Representation

Model Description

The model outlined in this card provides embedding representations of text. It powers the Embed and Classify endpoint.

Model architecture: Masked Language Model

Model release dates: See release notes

Models: small, large, multilingual-22-12

Model Card Author(s): Cohere Safety Team & Responsibility Council

Training Dataset: coheretext-unfiltered dataset

Safety Benchmarks

Performance has been evaluated on the following safety-related research benchmarks. These metrics are reported for the Small model.

ModelBenchmarkMetricStatistic
LargeStereoSetStereotype Score65.8502
StereoSetLanguage Modeling Score96.9383
SEATS3: EA/AA Names-
SEATS6: Male/Female, Career0.3322
SEATS7: Male/Female, Math/Arts0.4046
SEATS8: Male/Female, Science/Arts-
SEATS10: Young/Old-
SEATAngry Black Woman Stereotype - Terms-
SEATHeilman Double Bind - Male/Female, Achievement-
SEATHeilman Double Bind - Male/Female, Likeable-

For StereoSet Stereotype Score, 50 is best. For Language Modeling Score, 100 is best.

For SEAT tests, a dash "-" indicates no significant evidence of bias was found. Otherwise, a number indicates the bias effect size. We are researching how to expand our safety benchmarking to the multilingual context; multilingual benchmarks will be introduced in the future.

Intended Use Case

Embeddings may be used for purposes such as estimating semantic similarity between two sentences, choosing a sentence which is most likely to follow another sentence, sentiment analysis, topic extraction, or categorizing user feedback. Performance of embeddings will vary across use cases depending on the language, dialect, subject matter, and other qualities of the represented text.

Usage Notes

Always refer to the Usage Guidelines for guidance on using the Cohere Platform responsibly. Additionally, please consult the following model-specific usage notes:

Model Bias

There is extensive research into the social biases learned by language model embeddings (Bolukbasi et al., 2016; Manzini et al., 2019; Kurita et al., 2019; Zhao et al., 2019). We recommend that developers using the Representation model take this into account when building downstream text classification systems. Embeddings may inadvertently capture inaccurate associations between groups of people and attributes such as sentiment or toxicity. Using embeddings in downstream text classifiers may lead to biased systems that are sensitive to demographic groups mentioned in the inputs. For example, it is dangerous to use embeddings in CV ranking systems due to known gender biases in the representations (Kurita et al., 2019).

Technical Notes

  • English only: The model provides meaningful representations for English text only.
  • Distributional shift: Embeddings capture the state of the training data at the time it was scraped. Downstream classifiers will need to be validated or retrained upon release of new embedding models to ensure that they are still serving their intended purpose.
  • Longer texts: embed outputs are the aggregation of contextualized word embeddings; hence, the embeddings of longer inputs may not capture the meaning accurately across the entire sequence length.

Potential for Misuse

Guided by the NAACL Ethics Review Questions, we describe below the model-specific concerns around misuse of the Representation model. By documenting adverse use cases, we aim to encourage Cohere and its customers to prevent adversarial actors from leveraging our models to the following malicious ends.

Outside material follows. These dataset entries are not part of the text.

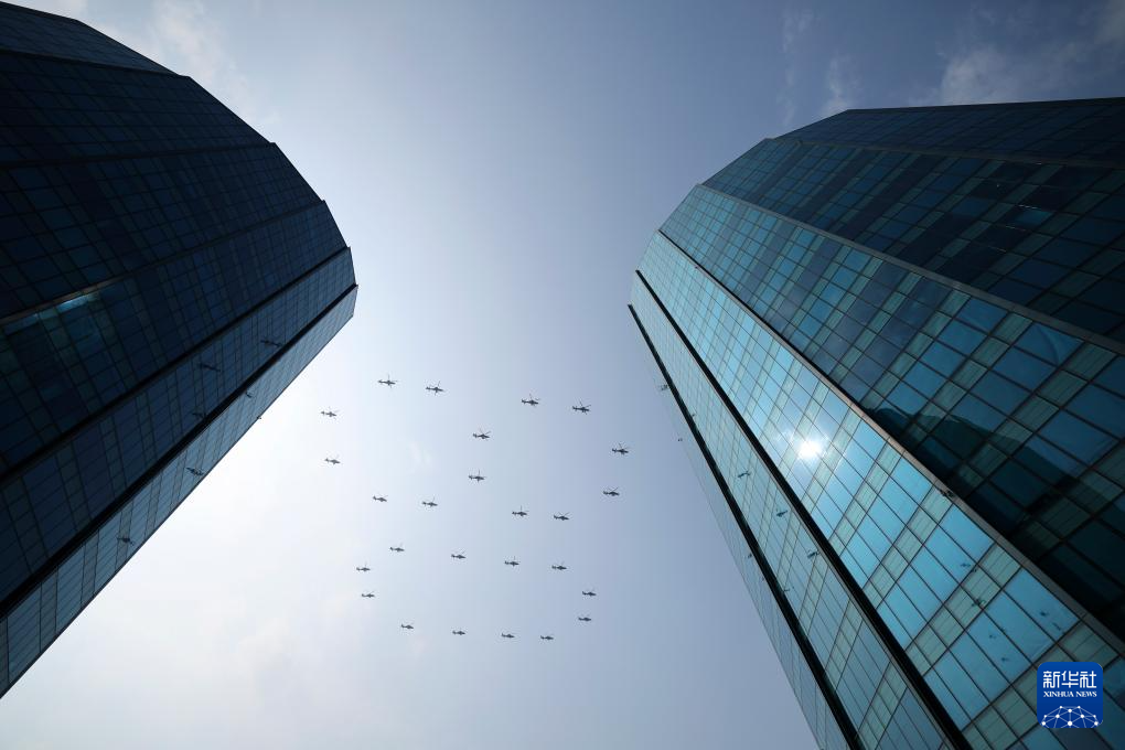 9月3日,纪念中国人民抗日战争暨世界反法西斯战争胜利80周年大会在北京隆重举行。这是空中护旗梯队飞过天安门广场上空。
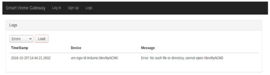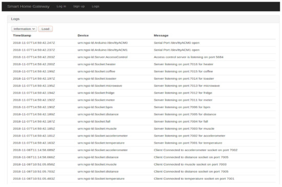 Additionally, a login/sign-up portal and other dedicated pages are provided especially for the logs (i.e., Figure 15), errors and the alerts detected (i.e., in case of an abnormality) inside the smart home.
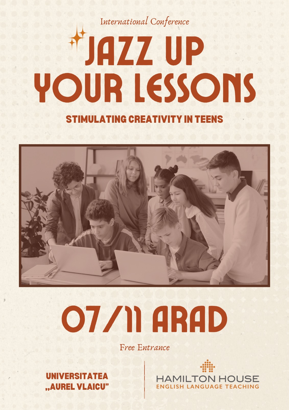 Educatorii și pasionații de limba engleză sunt invitați să participe la a doua ediție a Conferinței de Limba Engleză „Jazz up your lessons! Stimulating creativity in teens”, care va avea loc vineri, 7 noiembrie 2025, începând cu ora 13, la Universitatea „Aurel Vlaicu” din Arad, strada Elena Drăgoi nr. 2-4, Aula Magna.
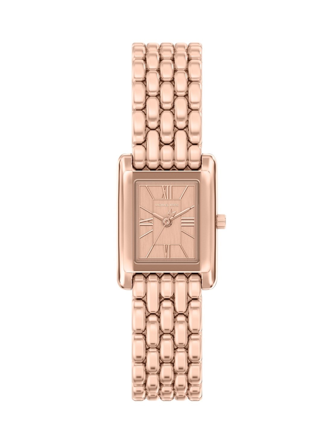 Short Description A scaled-down take on the classic Essex tank, now reimagined in rose gold-tone with a sleek five-link half-moon bracelet. This refined update delivers everyday polish with timeless appeal.
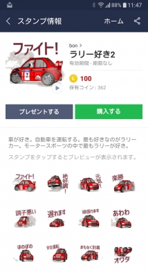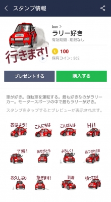 車のスタンプね。 ラリー好きでしょ?だったらこれです! https://line.me/S/sticker/8488566 ガンガンいってください! ラリーカーに乗って! JUGEMテーマ:ラインスタンプ
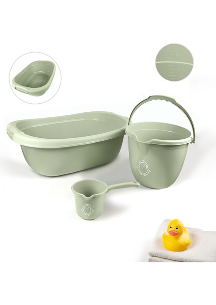 Meleni Baby 3’lü Bebek Banyo Seti - Bebek Yıkama Küveti - Su Kovası - Maşrapa - Yeşil
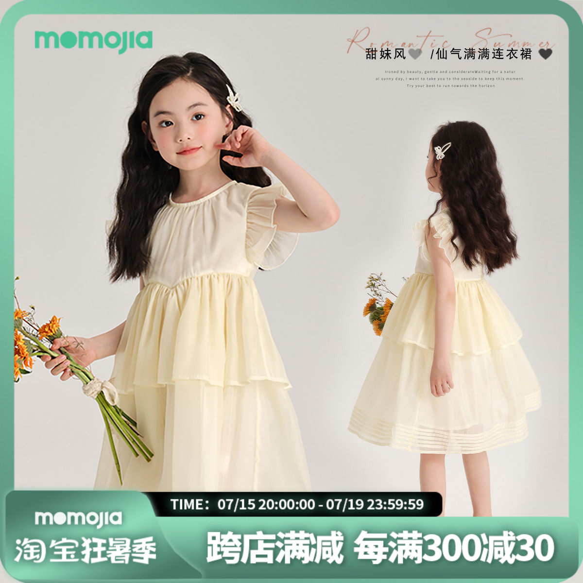 沫沫家夏装女童洋气长裙2024夏季新款儿童公主风连衣裙
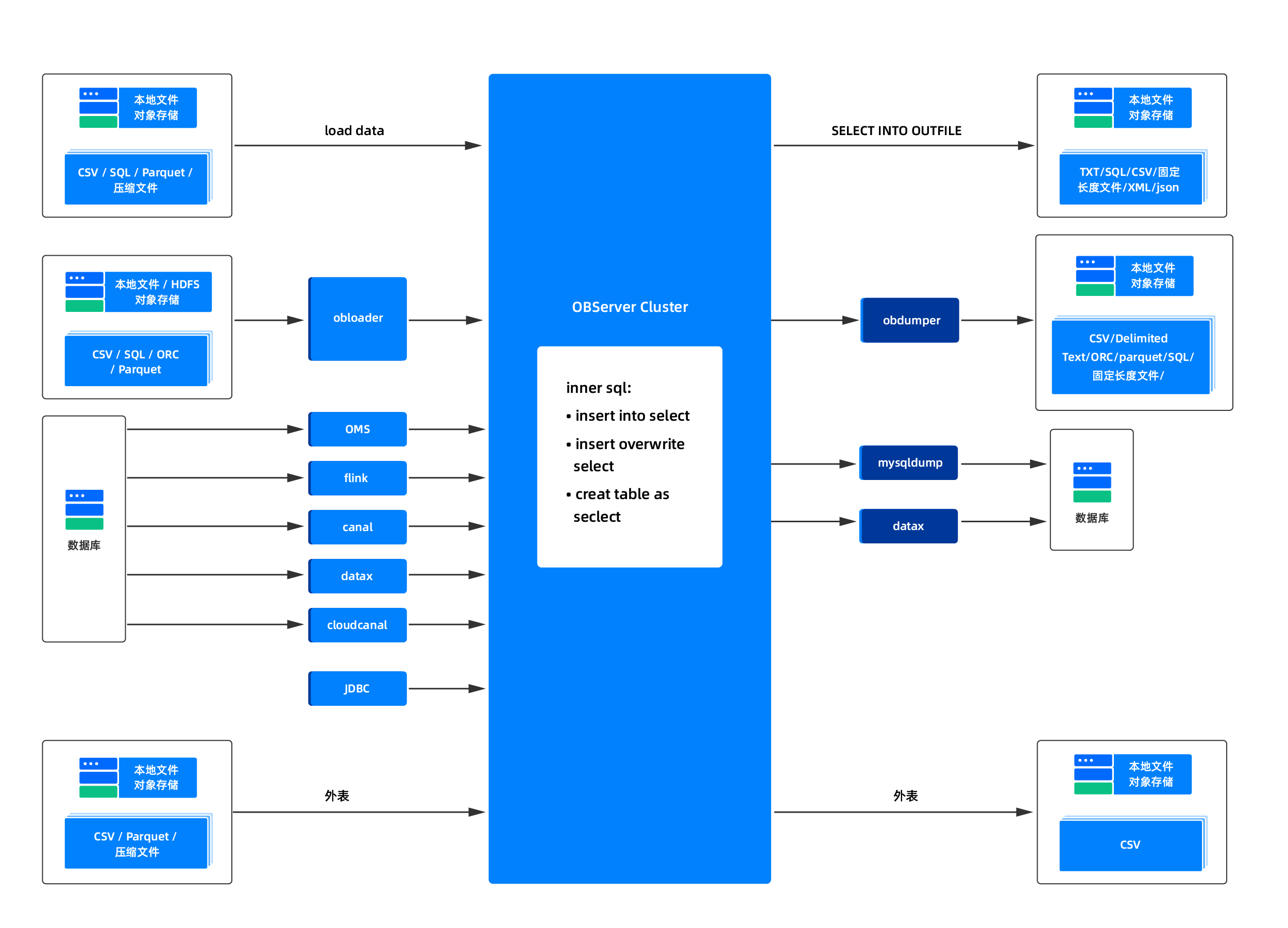 第一步,归集数据来源碎片化。针对这个场景,我能想到的就是OceanBase支持对象存储,将数据来源统一归集到一个对象存储中保管,根据实际需要来用旁路导入功能读入数据库中。对于实时行情的处理,通过DataX统一接入并写入到OceanBase中,可以最大程度实现整合。
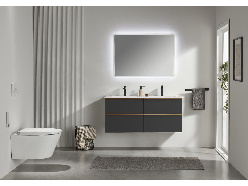 CERANO - Fürdőszobaszekrény mosdó alá Velora fogantyúval + Todo kerámia mosdó - matt fekete, arany fogantyú - 119x53x45,2 cm
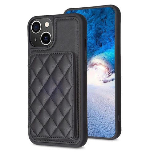 Funda para iPhone 15 Bf25 Square Plaid Card Bag Holder con soporte para tarjetas (Negro)
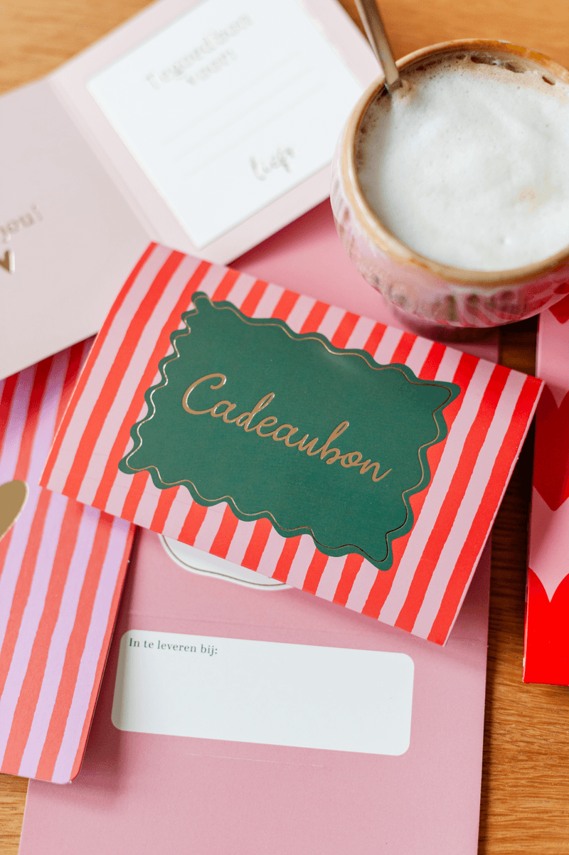 Binnenin kan eenvoudig de waarde, de datum en afleverlocatie worden ingevuld. Zo schrijf je de cadeaubon snel uit en geef je klanten maximale flexibiliteit. Er is bovendien ruimte voor een bedrijfsstempel, waardoor elke cadeaubon direct herkenbaar is als onderdeel van jouw winkel.
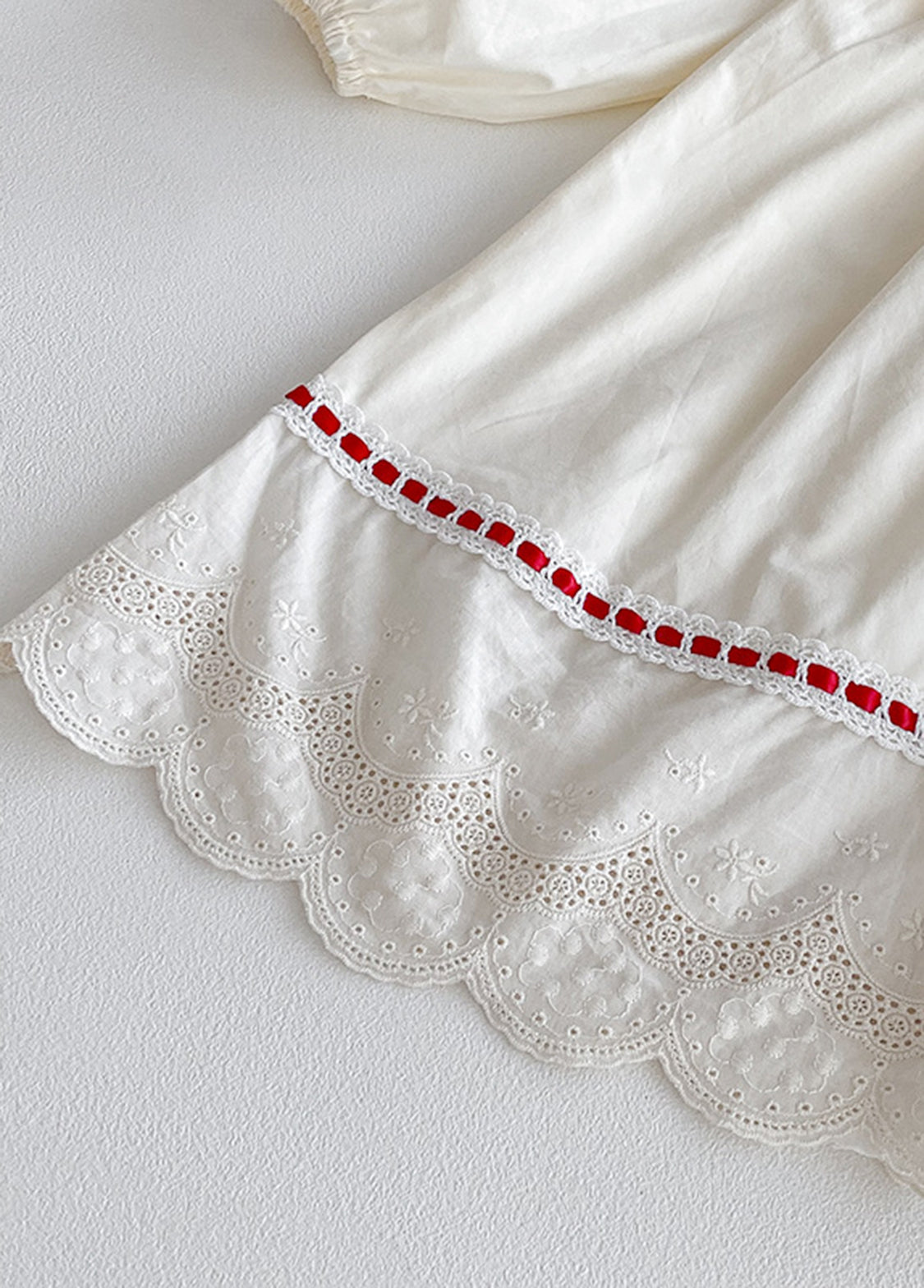 Design: Print, openwork embroidery, ruffles
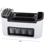 Den nederste del af organisatoren indeholder fire rummelige skuffer af æstetisk gennemsigtig plast, ideelle til opbevaring af kaffe, te eller sukker. Hver del af organisatoren er let aftagelig for grundig rengøring, og basen fungerer som en drypbakke for at sikre tørhed.
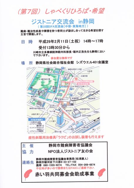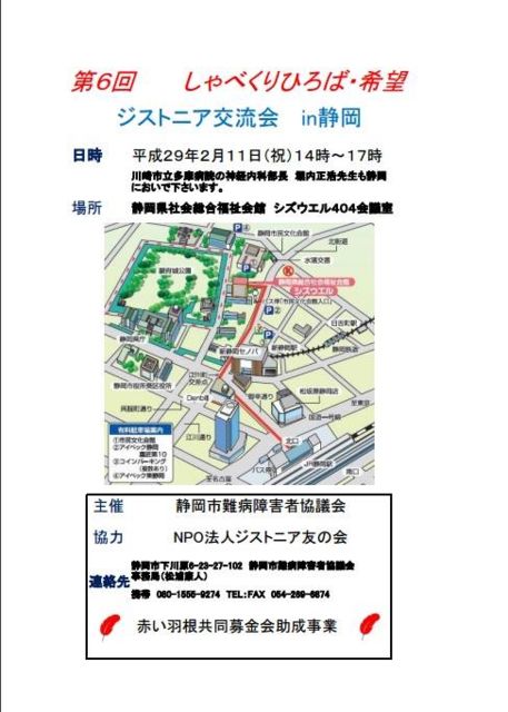 ÀŲ¬»ÔÆñɾ㳲¼Ô¶¨µÄ²ñ¼çºÅ¤Î¡ÖÂè6²ó¤·¤ã¤Ù¤¯¤ê¹¾ì¡¦´õ˾¡×¤Ï¥¸¥¹¥È¥Ë¥¢¸òή²ñ¤Ç¤¹¡£ ËÙÆâÀµ¹ÀÍý»öĹ¤Ï¤¸¤á¡¢¥¸¥¹¥È¥Ë¥¢Í§¤Î²ñÍý»ö¤â»²²Ã¤¹¤ëͽÄê¤Ç¤¹¡£áÛÀ¼Ððô¼£ÎŶñ¡Ö¥é¥¯¥Ó¡×¤Î¥á¡¼¥«¡¼Ã´Åö¼Ô¤â¾·¤¡¢»îÃå¤â¤Ç¤¤Þ¤¹¡£ ¤ª¶á¤¯¤ÎÊý¤Ï¤¼¤Ò¤´»²²Ã¤¯¤À¤µ¤¤¡£ Æü»þ¡§2·î11Æü¡Ê½Ë¡Ë14:00¡Á17:00 ²ñ¾ì¡§ÀŲ¬¸©¼Ò²ñÁí¹çÊ¡»ã²ñ´Û¥·¥º¥¦¥¨¥ë404²ñµÄ¼¼ »²²ÃÎÁ¡§ÌµÎÁ ¿½¤·¹þ¤ß¡§dystonia2005@yahoo.co.jp ¢¨²ñ¾ìÄê°÷¤Ë¸Â¤ê¤¬¤¢¤ê¤Þ¤¹¡£Äê°÷¤Ë㤷¤¿¾ì¹ç¤Ï»²²Ã¼õÉÕ¤òÄù¤áÀÚ¤ê¤Þ¤¹¤Î¤Ç¤´Î»¾µ¤¯¤À¤µ¤¤¡£ ¼ç ºÅ ÀŲ¬»ÔÆñɾ㳲¼Ô¶¨µÄ²ñ ¶¨ ÎÏ NPO
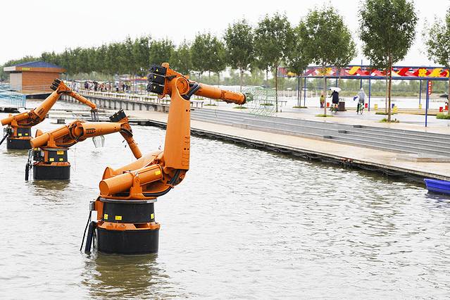 在占地3万平方米的机器人捕鱼表演区里,百川机器人公司自主研发的各种机器人捕鱼表演,以先进的机器视觉和智能算法配合机器人的高速响应,实现机械手抓鱼、机器人空中截鱼、无人机钓鱼以及机器人无钩钓鱼等多种表演形式。总而言之,只要是人能实现的捕鱼方式,这里的机器人都可以做到。是不是很厉害呀?
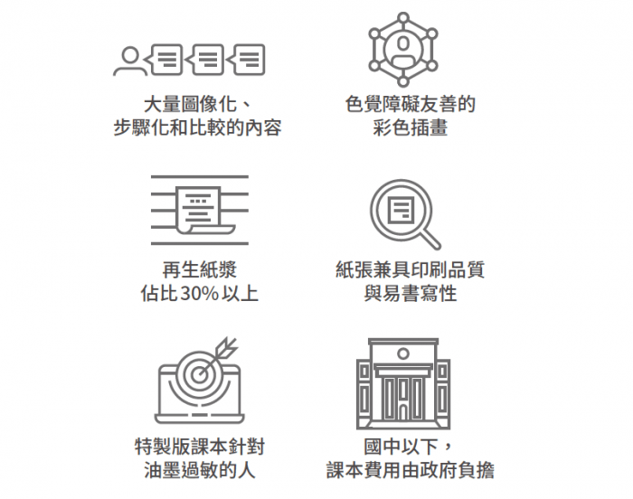 日本的小學課本除了精美的外表,其中也包含了許多非常貼心的設計,課文內容大量應用圖像化、步驟化、和比較的方法,讓知識都在清晰的邏輯中呈現,學生也能一目了然。課本也非常體貼不同學生的需求,例如課本內的插圖,一律都使用能讓有色覺障礙的學生也能清楚辨識的配色;對於油墨過敏的學生,也會提供如日曬本、影印本、或特別消味本等客製版本。
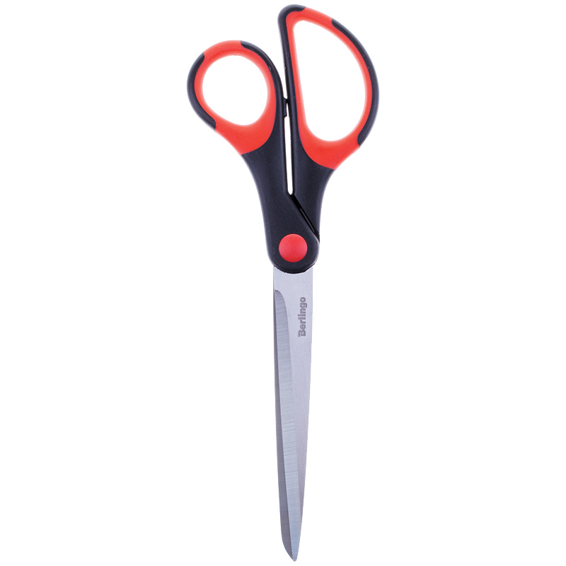 Ножницы для работы с бумагой, картоном, тканью и пленкой. Материал корпуса - нержавеющая сталь высокого качества. Пластиковые ручки с резиновыми вставками позволяют надежно фиксировать ножницы в руке. Длина ножниц-23 см. Упаковка - блистер с европодвесом.

Note: The examples in this section are not comprehensive and are only meant to illustrate our understanding of potential harms. The examples are meant to be more model-specific and tangible than those in the Usage Guidelines. Each of these malicious use cases violates our usage guidelines and Terms of Use, and Cohere reserves the right to restrict API access at any time.

  • Extraction of identity and demographic information: Using embeddings to classify the group identity or demographics of text authors or persons mentioned in a text. Group identification and private information should be consensually provided by individuals and not inferred by any automatic system.
  • Building purposefully opaque text classification systems: Algorithmic decisions that significantly affect people should be explainable to the persons affected; however, text classifications made using representations may not be explainable. A malicious actor may take advantage of this opacity to shield themselves from accountability for algorithmic decisions that may have disparate impact across demographic groups (Campolo and Crawford, 2020).
  • Human-outside-the-loop: Building downstream classifiers that serve as automated decision-making systems that have real-world consequences on people, where those decisions are made without a human-in-the-loop.